---- Provided information

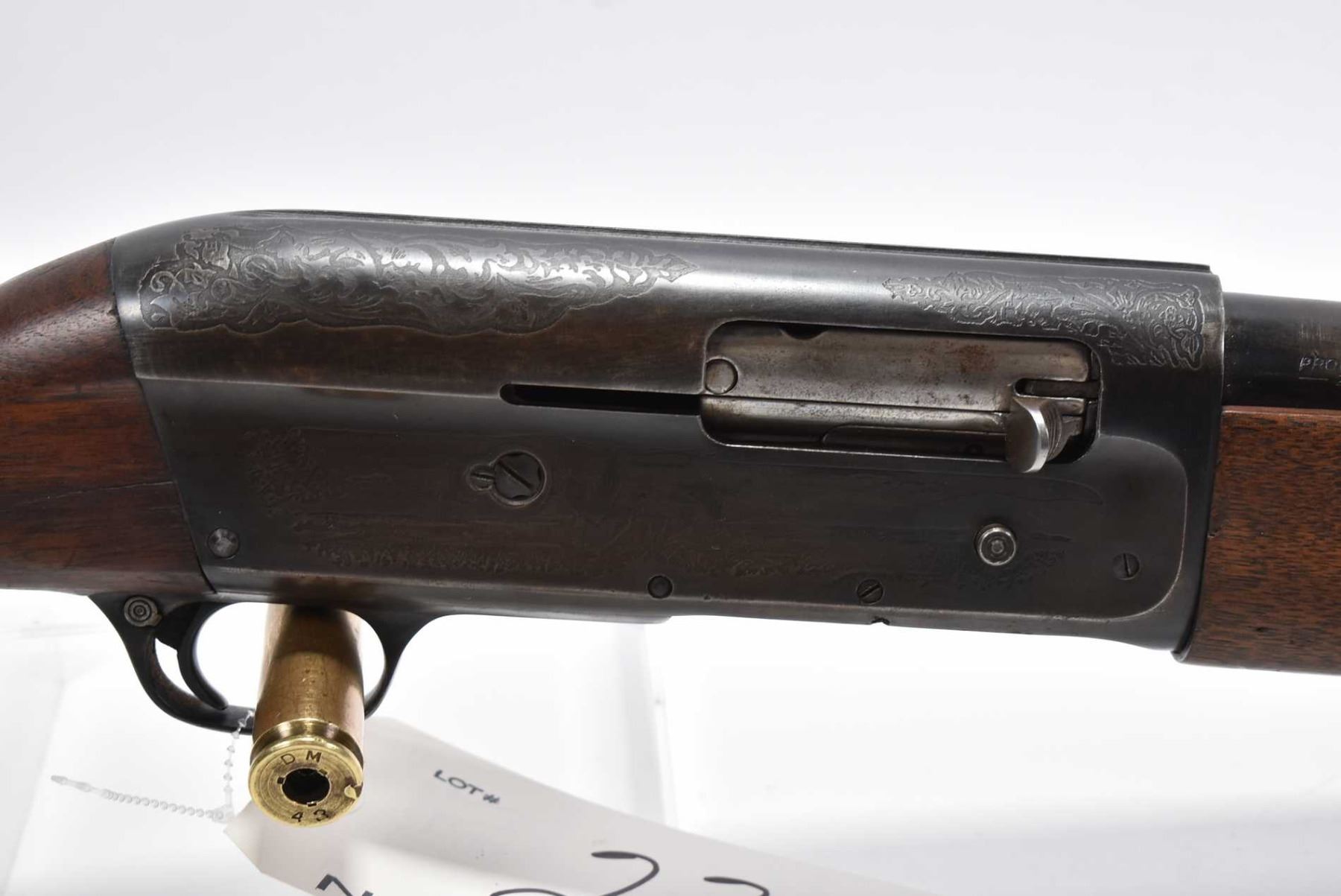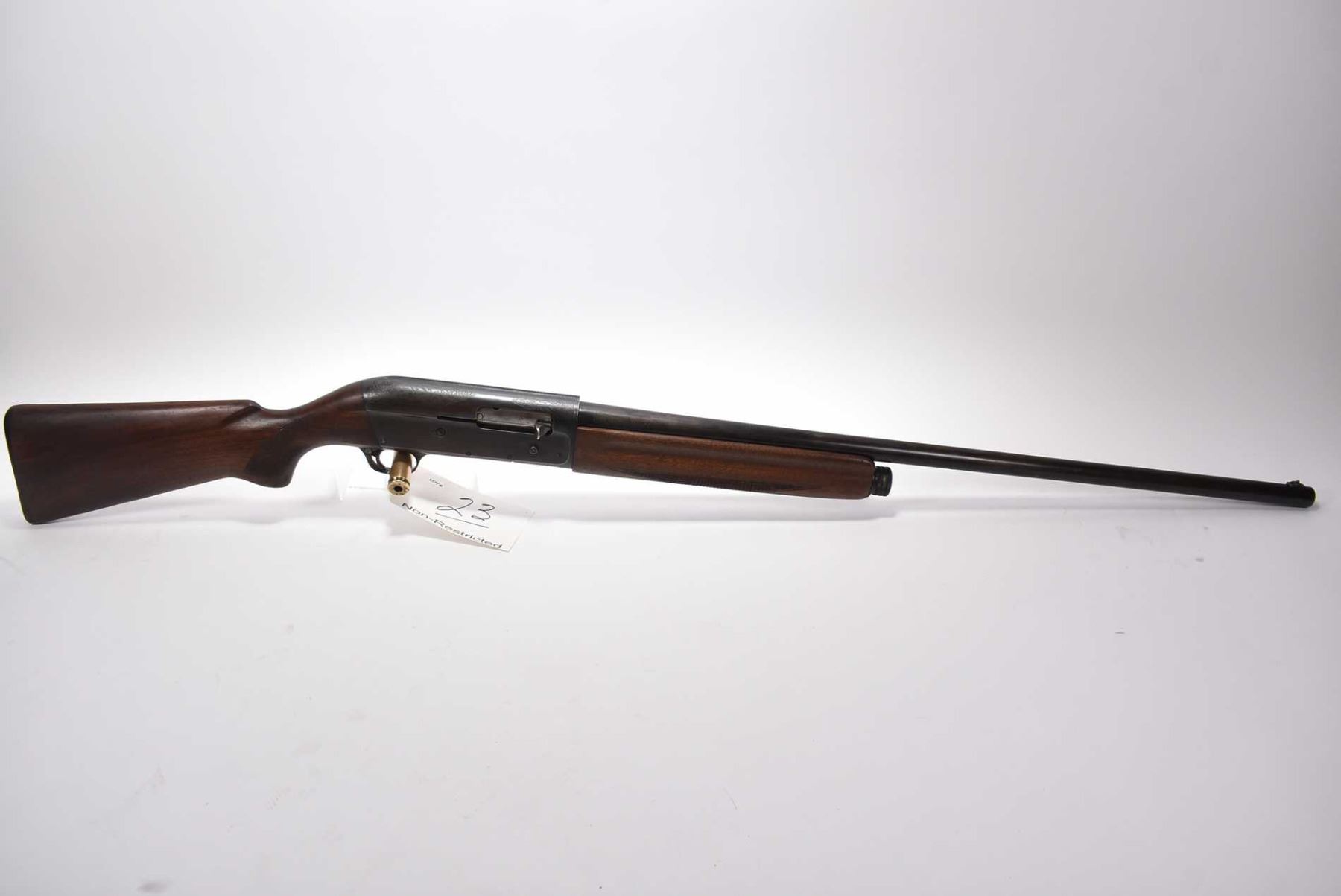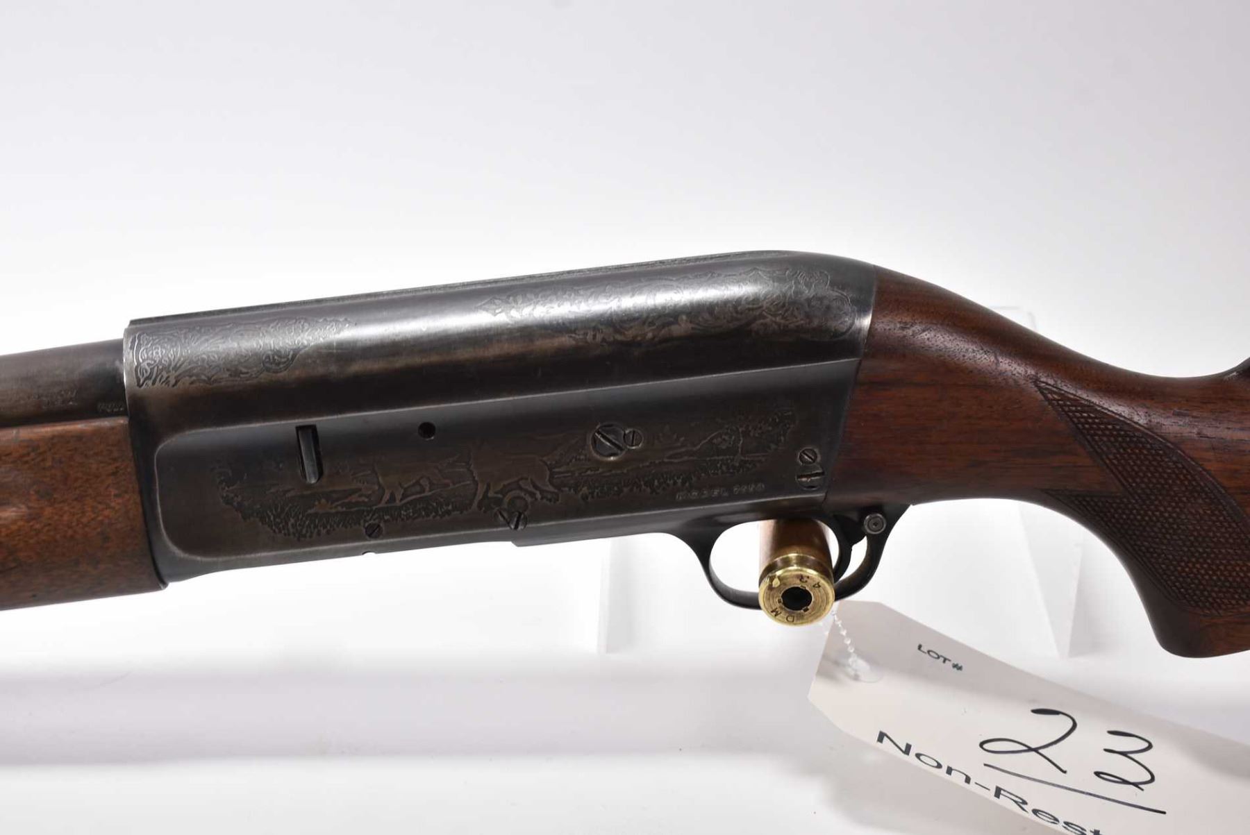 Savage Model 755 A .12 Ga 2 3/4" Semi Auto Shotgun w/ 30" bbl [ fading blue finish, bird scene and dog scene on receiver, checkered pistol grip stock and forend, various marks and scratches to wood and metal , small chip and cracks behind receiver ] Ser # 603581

--------
---- Provided information

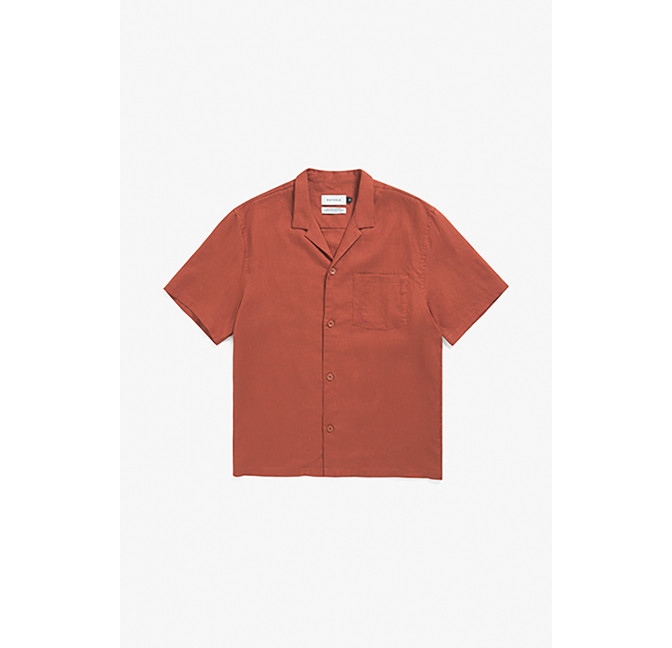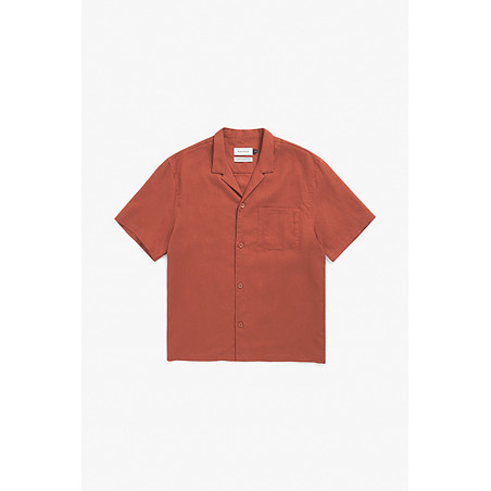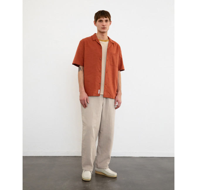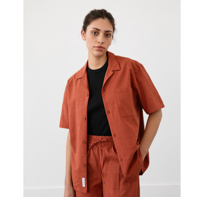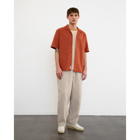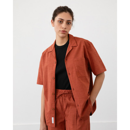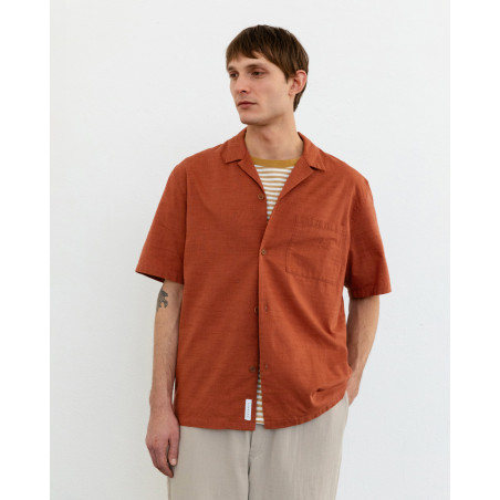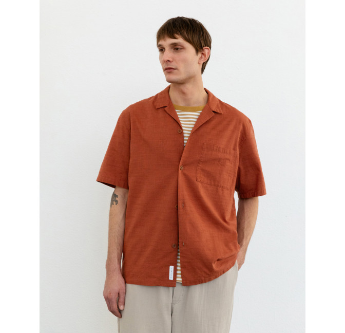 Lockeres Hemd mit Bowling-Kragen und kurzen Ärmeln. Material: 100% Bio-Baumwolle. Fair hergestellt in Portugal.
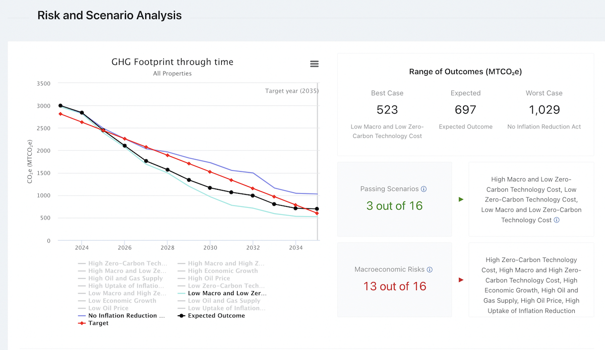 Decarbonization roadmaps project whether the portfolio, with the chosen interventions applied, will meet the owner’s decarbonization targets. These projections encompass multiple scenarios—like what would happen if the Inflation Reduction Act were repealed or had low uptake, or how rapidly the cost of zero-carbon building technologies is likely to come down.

--------

The copy should hold exactly the lines above from the one with "Lockeres Hemd mit" through the one with "Decarbonization roadmaps project", both ends counted, and no pictures at all.

 Lockeres Hemd mit Bowling-Kragen und kurzen Ärmeln. Material: 100% Bio-Baumwolle. Fair hergestellt in Portugal.
 Decarbonization roadmaps project whether the portfolio, with the chosen interventions applied, will meet the owner’s decarbonization targets. These projections encompass multiple scenarios—like what would happen if the Inflation Reduction Act were repealed or had low uptake, or how rapidly the cost of zero-carbon building technologies is likely to come down.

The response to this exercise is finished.